Created on 19 Jul 2017 · 5Comments · Source: keras-team/keras

I have a cost function that in addition to using the overall network output, needs to multiply it by another function of the network weights (it's actually the partial derivative of the output with respect to one of the inputs). Custom cost functions are parameterised as f(y_true, y_pred), and so cannot be used to provide this second function of the weights that I want.

I've seen a similar issue before where @shamidreza states that they had to use Theano for this functionality.

Is it still the case that this is the best option? I've only used Keras in R before so have no experience with either TensorFlow or Theano, would either be suitable in R?

Source

stulacy

👍2

Most helpful comment

It sounds like this example implements what you need. It's not ideal in my opinion, feels a bit like a workaround, but it appears to work.

hgaiser on 20 Jul 2017

👍3

All 5 comments

@stulacy . This might be something you can implement in a custom loss function using the following approach (not sure, but offering as a suggestion). (1) The current weights of the model are available to your custom cost function via model.get_weights, (2) consider using a direct tensorflow call to symbolically compute the partial derivative in question (using "zero" for the predicted output so that the gradient is the model output wrt to node weights.) See:
https://keras.io/backend/#using-the-abstract-keras-backend-to-write-new-code
and https://www.tensorflow.org/api_docs/python/tf/gradients

(3) Write the final cost expression in terms of these derived parameters.

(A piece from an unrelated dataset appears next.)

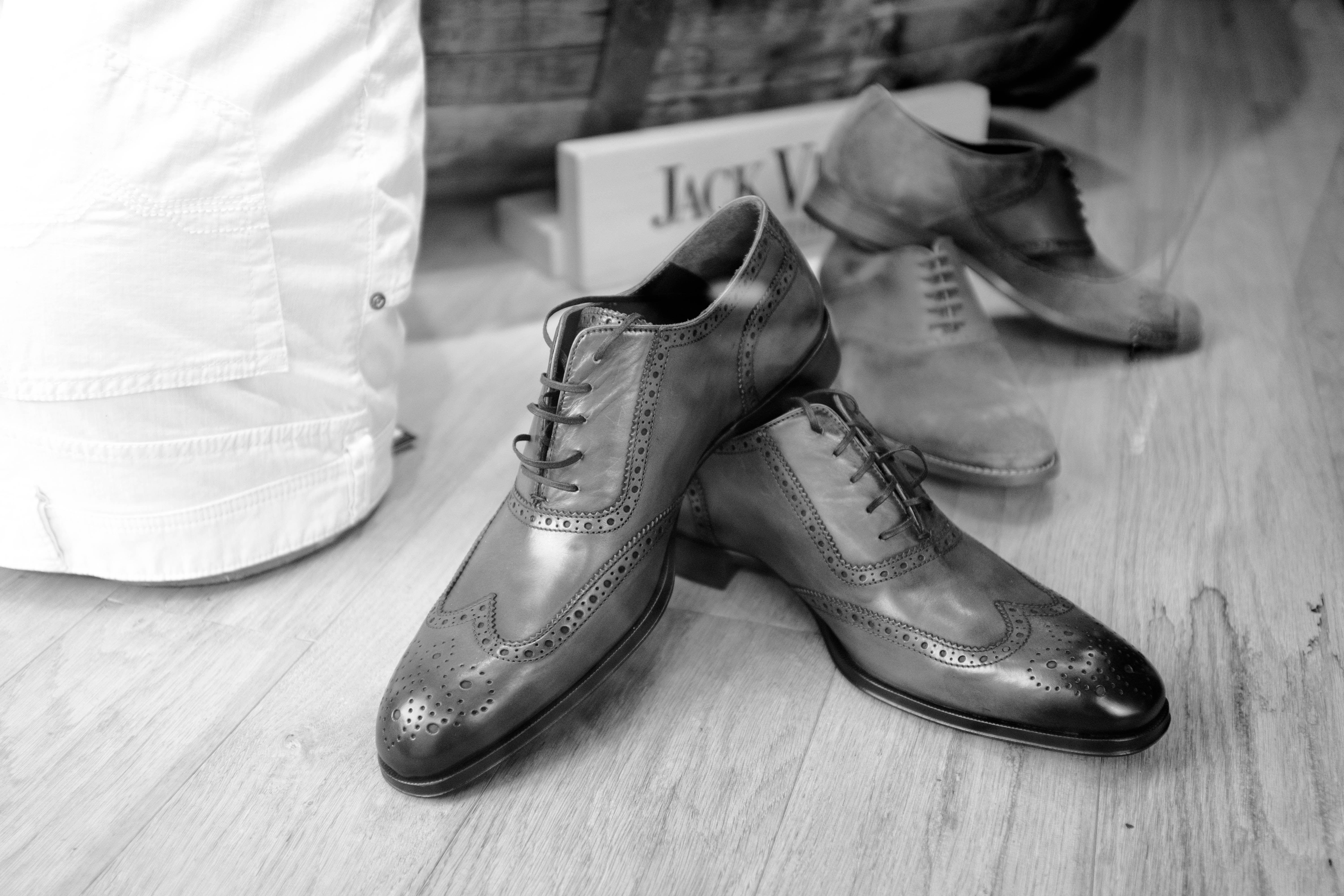 This black-and-white photograph showcases a pair of polished brown dress shoes, exuding sophistication and craftsmanship. The softly lit scene highlights the intricate detailing of the shoes against a warm wooden floor, while a casual vibe is introduced by the visible pant leg in the foreground. The subtle atmosphere invites contemplation of style and comfort.

Experimental idea that may or may not work, but wanted to give a suggestion. Hope this helps. Thanks.

td2014 on 19 Jul 2017

It sounds like this example implements what you need. It's not ideal in my opinion, feels a bit like a workaround, but it appears to work.

hgaiser on 20 Jul 2017

👍3

I'm going to close this issue as the custom Layer method method suggested by @hgaiser works for my use case. Essentially rather than adding a loss function explicitly, you create a custom layer that calculates the loss. When using the network for prediction you create a new model that uses an earlier layer as the output of interest. The K.gradients function also provided the differentiation that I required.

stulacy on 27 Jul 2017

👍2

Any chance you could show an example of how you implemented this in keras for R?
If you in fact did add the custom layer in R. Thanks.